As a result, Vodacom said it continues to use all means of recourse provided by the legislation, and has initiated a review of the decision by the DGI, while it put in place measures to ensure the continuity of its services.
“Vodacom reminds the public and all authorities that it is and remains a good corporate citizen, respectful of the laws and regulations in force in the Democratic Republic of Congo, as its services always show a high sense of fiscal civic-mindedness and that it rigorously applies the policy of good governance, respect for the rule of law and transparency,” said the company.
Reacting to the news, analysts say the situation is complex and may drag down the company and scupper investment plans.
Mark Walker, associate vice-president, Sub-Saharan Africa at IDC, comments: “Vodacom is, like any other business, required to achieve commercial performance objectives related to costs, revenues and profitability.
“If these goals are not met, then investment is questioned and, if found unsatisfactory, then reduced or ended.
“This has significant implications for rollout of telecoms services, hiring of staff and building capacity for future growth.
“A significant tax bill like this hits directly on the profitability of the company and will certainly be factored into ongoing strategic and operational planning.
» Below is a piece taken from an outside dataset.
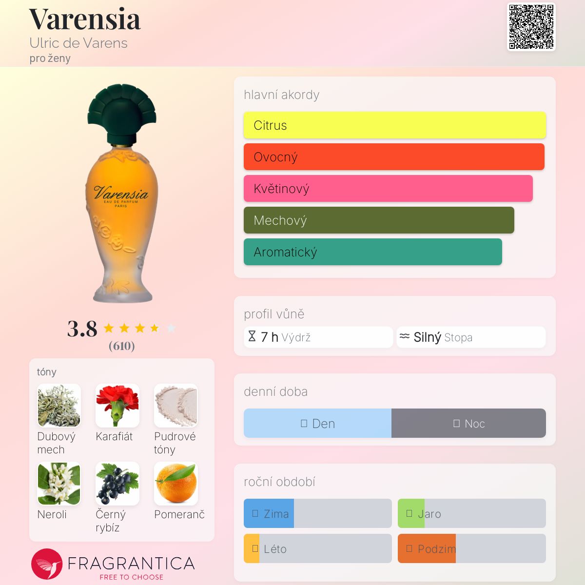 Varensia podle Ulric de Varens je Chypre Fruity vůně pro ženy. Varensia byl/a uveden/a v roce 1994. Vrchní tóny jsou Neroli, Pomeranč, Mandarinka, Maliny, Aldehydy, Hřebíček a Bergamot; střední tóny jsouČerný rybíz, Černý rybíz, Ylang-Ylang, Pelargónie, Růže, Jasmín a Lotus ; základní tóny jsou Dubový mech, Karafiát, Pudrové tóny, Vetiver, Santalové dřevo, Benzoin, Labdanum, Vanilka a Pačuli.

The fine is around 4% of Vodacom’s 2022 revenue, so the impact is significant overall.”
Similarly, Peter Takaendesa, head of equities at Mergence Investment Managers, says the DRC has been a tricky operating environment for a while, and the authorities there “are now getting bolder and looking for a bigger piece of the pie”.
He comments: “The amounts involved are quite material and will surely impair most of expected returns from the capital invested in that country. This is not unique to Vodacom and the operating environment is unlikely to change as this is an institutional setup.
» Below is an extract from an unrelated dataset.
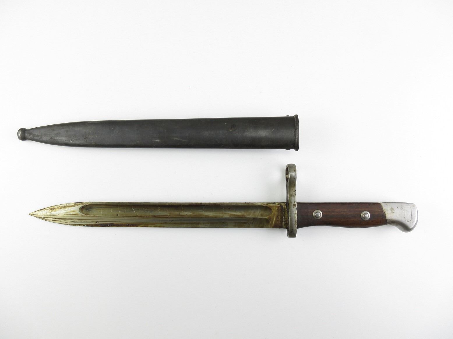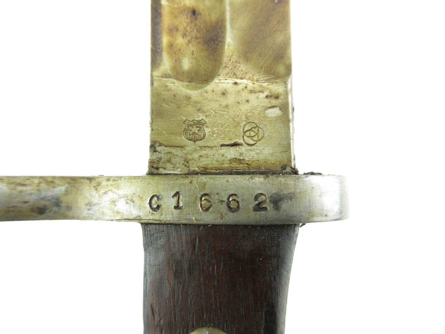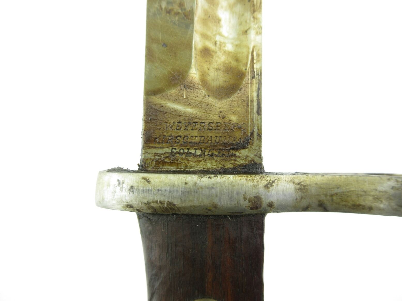 CHILEAN M1895 BAYONET. (1) FITS 7MM M1895 MAUSER RIFLES, RICASSO MARKED: CHILEAN CREST & OTHER PROOF MARK, OTHER-SIDE MARKED: "WEYERSBERG KIRSCHBAUM & CO., SOLINGEN", CROSS-PIECE MARKED: "C1662", 2-PIECE WOOD GRIP, METAL POMMEL, NO VISIBLE MARKINGS, STEEL SCABBARD STUD MARKED: "C1662" & PROOF MARK ON BALL TIP, BLADE APPROX. 10" & OAL APPROX. 14.75". SEE PHOTOS. *BLADE COVERED IN GREASE*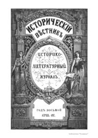 «Исторический вестник» - русский ежемесячный историко-литературный журнал. Издавался в Санкт-Петербурге с 1880-го по 1917 г. Журнал был основан А.С. Сувориным и С.Н. Шубинским с целью «знакомить читателей в живой, общедоступной форме с современным состоянием исторической науки и литературы в России и Европе». Вышло 150 тт. Каждый том состоял из трёх ежемесячных выпусков, имел свою нумерацию страниц, оглавление, список иллюстраций. Журнал приобрёл устойчивую популярность среди читателей, заняв прочное место в «триумвирате» русских исторических журналов наряду с «Русским архивом» и «Русской стариной». опережая их по количеству подписчиков. Отличием «Исторического вестника» было то, что он не помещал на своих страницах необработанных, сырых материалов. С другой стороны, журнал приближался по своему типу к журналам общелитературного образца, сочетая в себе коммерческий успех и доступное изложение материала.

“Fortunately for Vodacom, its South African operations still dominate group cash flows and the market has mostly been comfortable to look past issues from the rest of Africa.”
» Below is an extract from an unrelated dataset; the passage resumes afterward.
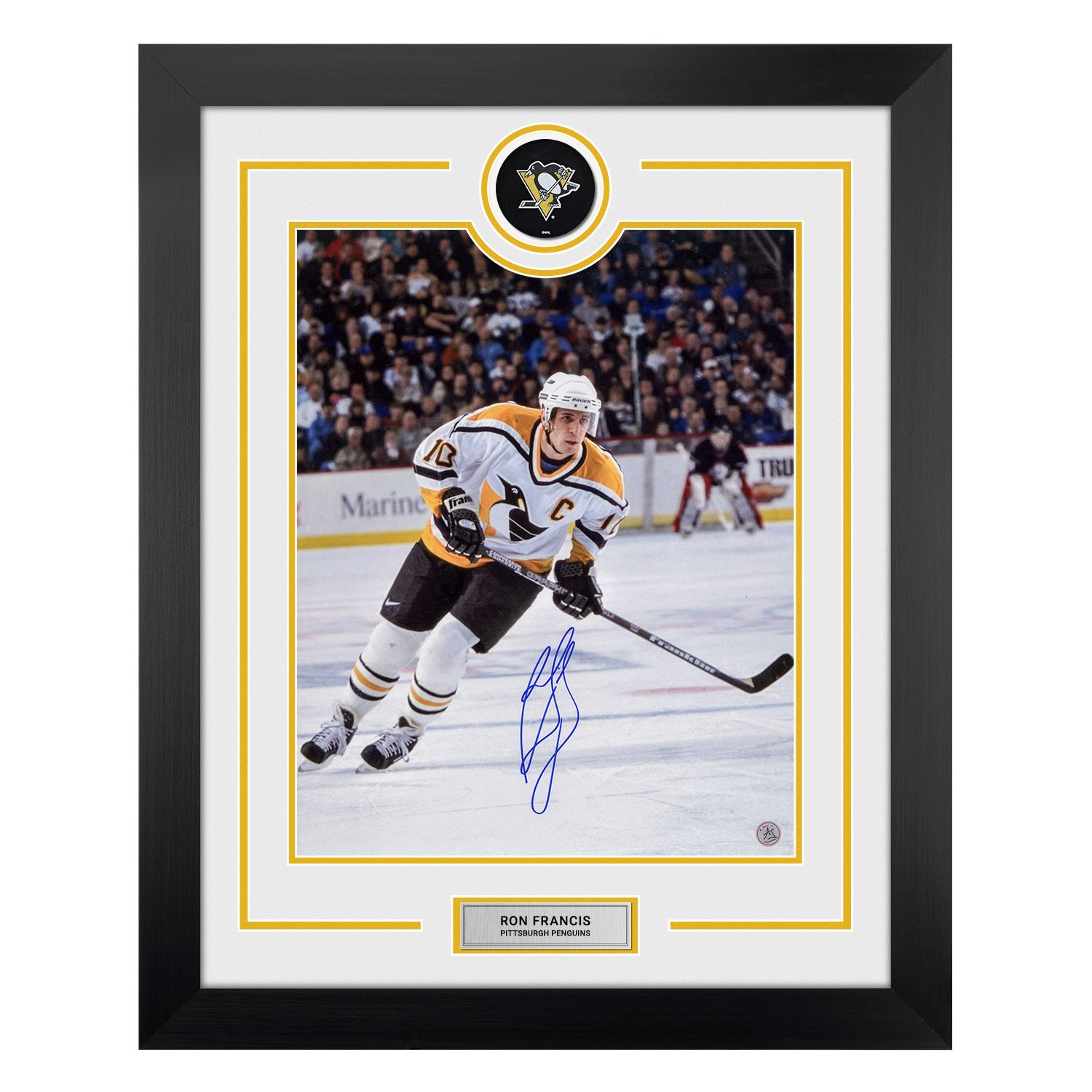 Ron Francis Autographed Pittsburgh Penguins Puck Logo 26x32 Frame

However, Takaendesa says this will change significantly over the next few years, as Vodacom is accelerating its investments and exposure to the rest of Africa by acquiring parent Vodafone’s stakes in Kenya and Egypt, as well as recently entering the Ethiopian market.
“The Vodacom investment case is therefore changing into a higher risk and higher potential growth story, compared to a relatively safe and steady growth play.”